--- Records for this exercise Enclosed Below ---
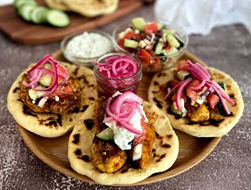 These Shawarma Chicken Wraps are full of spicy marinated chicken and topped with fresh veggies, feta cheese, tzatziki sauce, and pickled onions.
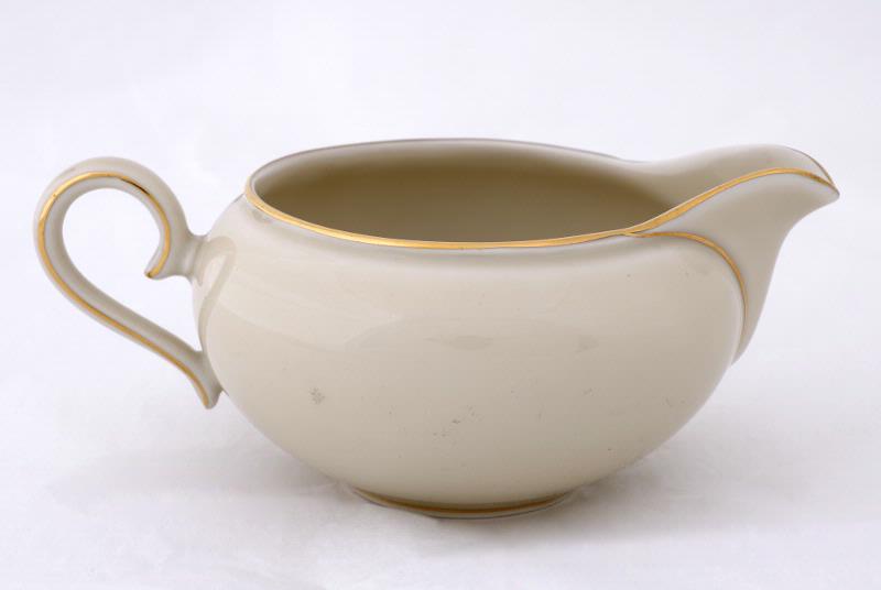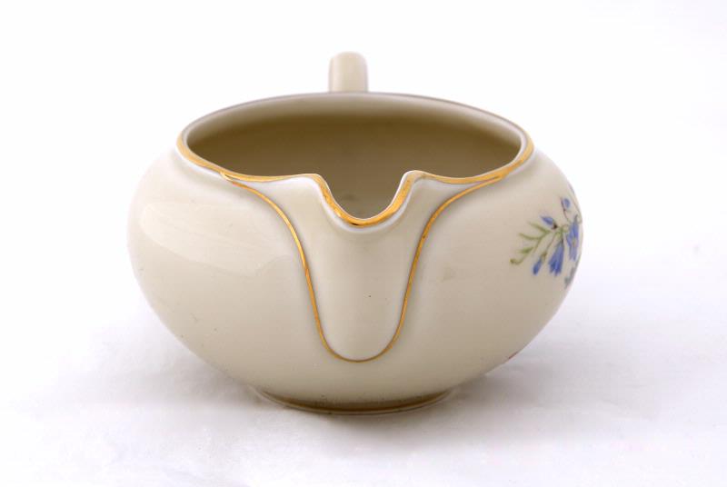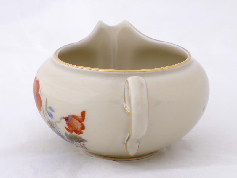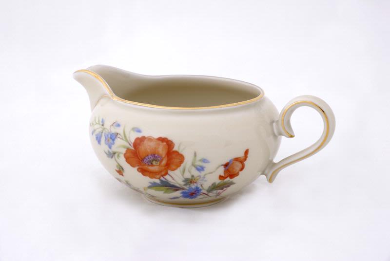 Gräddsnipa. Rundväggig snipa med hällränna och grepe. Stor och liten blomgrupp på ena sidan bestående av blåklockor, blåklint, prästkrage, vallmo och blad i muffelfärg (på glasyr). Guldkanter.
--- End of Enclosed Records for this exercise ---
--- Records for this exercise Enclosed Below ---
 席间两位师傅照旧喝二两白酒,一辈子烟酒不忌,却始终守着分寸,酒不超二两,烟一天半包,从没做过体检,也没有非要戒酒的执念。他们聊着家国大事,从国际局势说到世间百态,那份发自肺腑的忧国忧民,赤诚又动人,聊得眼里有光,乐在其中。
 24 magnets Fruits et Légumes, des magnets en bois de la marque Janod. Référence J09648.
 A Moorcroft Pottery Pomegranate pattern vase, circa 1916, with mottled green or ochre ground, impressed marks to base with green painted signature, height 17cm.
--- End of Enclosed Records for this exercise ---
* Work request: Using the entries above, transcribe every line from the line containing "These Shawarma Chicken" through the line containing "Gräddsnipa. Rundväggig snipa". Do not copy pictures.

* Task result:
 These Shawarma Chicken Wraps are full of spicy marinated chicken and topped with fresh veggies, feta cheese, tzatziki sauce, and pickled onions.
 Gräddsnipa. Rundväggig snipa med hällränna och grepe. Stor och liten blomgrupp på ena sidan bestående av blåklockor, blåklint, prästkrage, vallmo och blad i muffelfärg (på glasyr). Guldkanter.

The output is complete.